Permanent color pipe service markers shall be used for process and utility services. The fabricator shall provide service markers for the spools produced. Placing the marker on the spool shall be done after the piping has been installed, coated, or insulated if required.
Pipe Color Coding and Pipe Marking of Systems
Pipe Material Color Coding
Piping Material color coding is developed to differentiate between various grades or specifications of materials. Color markings are assigned on the basis of nominal chemical compositions. The location of pipe marking shall be as follows:
The pipe shall be marked with, for example, paint, dye, or tape for its full-length
Flanges shall be banded (Refer to Fig. 1) on the back of the flange at the intersection of the back face and the hub
Miscellaneous material shall be color-marked so as to provide proper identity
The paint shall not cover welded surfaces, heat marks, or any other identification
Fig. 1: Figure showing Pipe Color Band Locations
Pipe Service Markers
Permanent color pipe service markers shall be used for all process and utility piping systems within the plant.
Piping systems for pipe color coding shall include utility pipes of any kind and, in addition, fittings, valves, and pipe coverings. Piping systems shall be painted a neutral background color, for example, aluminum or grey, which shall not detract from the high visibility of the colors and lettering of the service markers.
Permanent color markers for piping systems shall be placed at the battery limit and at vertical risers at utility stations. Service markers shall be applied close to valves or flanges, and adjacent to changes in direction, branches, and where pipes pass over or through walls, floors, fences, or roads, and on straight pipe runs, sufficient for identification.
A service marker in English shall be used as the primary and explicit means of identification for the contents of all aboveground piping. Positive identification of the contents of a piping system shall be by a lettered legend giving the name of the contents in full or abbreviated form. Arrows shall be used to indicate the direction of flow. Additional details, for example, temperature or pressure, shall be added as necessary to highlight the degree of hazard.
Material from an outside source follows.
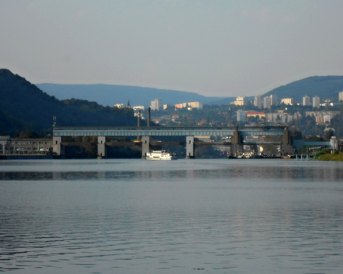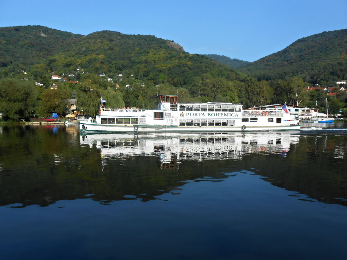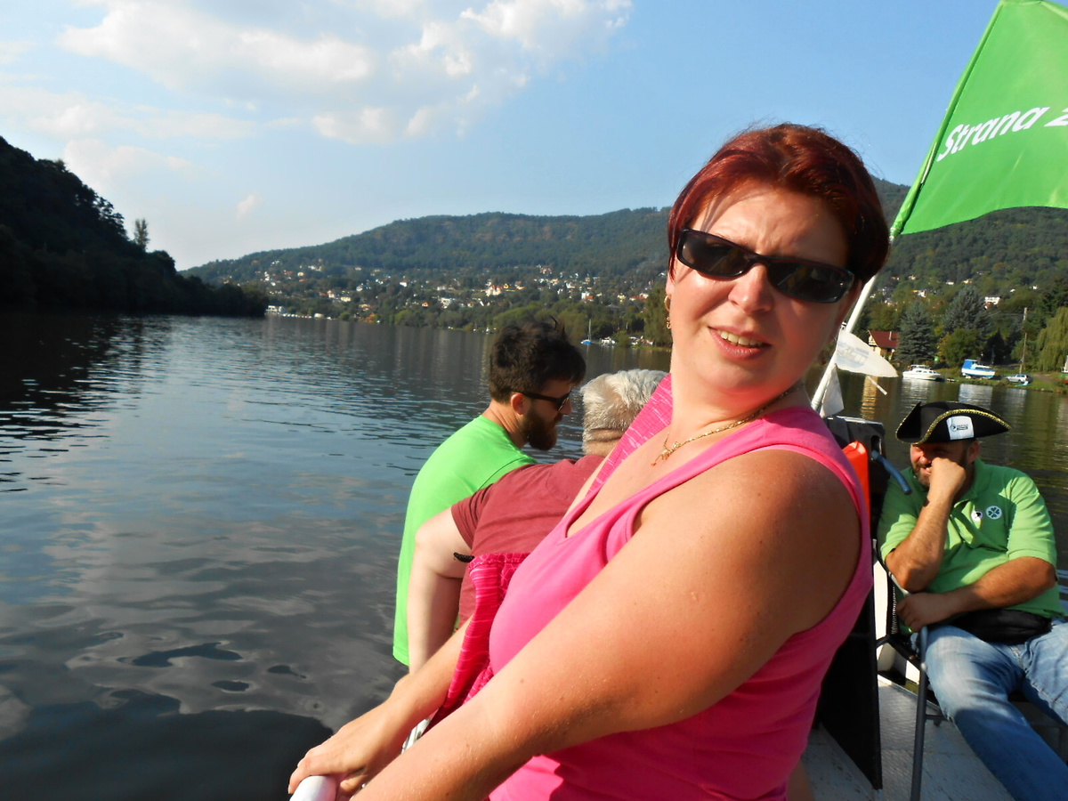 Ústí nad Labem má krásné okolí a z lodě je to opravdu zážitek. Kolem jsou loděnice, chatové osady, dokonce je z lodě vidět i ta naše. Na fotce je to chaloupka s šedou střechou uprostřed zeleně. Potkali jsme i velkou výletní loď Porta Bohemica, která pluje pravidelně z Ústí nad Labem do Litoměřic a zpátky od března do října. Pro zájemce lze bližší informace najít na internetu. Při plavbě zpět je krásný pohled na dominantu města hrad Střekov a Střekovská zdymadla. Doufám, že vás pohled z lodi na fotkách zaujme, jako nás.

Shutdown, emergency, or car-sealed valves shall be labeled with P&ID and valve numbers and any descriptive labeling needed to permit easy identification. Firewater system sectionalizing block valves shall be identified by their firewater system identification number.
Contrast shall be provided between the color field and legend for readability. For identification of materials in pipes of less than 3/4 inch (19 mm) in diameter, and for valve and fitting identification, the use of a permanently legible tag is recommended. The size of the service marker letters shall neither be less than 13 mm nor greater than 89 mm, varying in size depending on the outside diameter of the pipe.
For piping 2-inch NPS and smaller running between equipment, where the total length is less than 15 m, no pipe marking shall be necessary. For piping on pipe racks, pipe service marking shall be oriented in a way that it is visible from grade level and from any nearby platform.
The color of the service marker letters shall be black or white, whichever provides a greater contrast to the background color.
Pipe markings shall be clearly visible. Where pipelines are located above or below the normal line of vision, the lettering shall be placed below or above the horizontal centreline of the pipe.
Pipe Marking materials for stainless steel and nickel alloy piping shall not contain any harmful substances, for example, chlorides, fluorides, sulfur, and low melting point metals.
Pipe Color Coding and Marking Execution Process
Surface Preparation: Surfaces to be color-coded or marked shall be free from oil, grease, dirt, and other surface contaminants that might be detrimental to the adhesion of the paint used for color coding and marking.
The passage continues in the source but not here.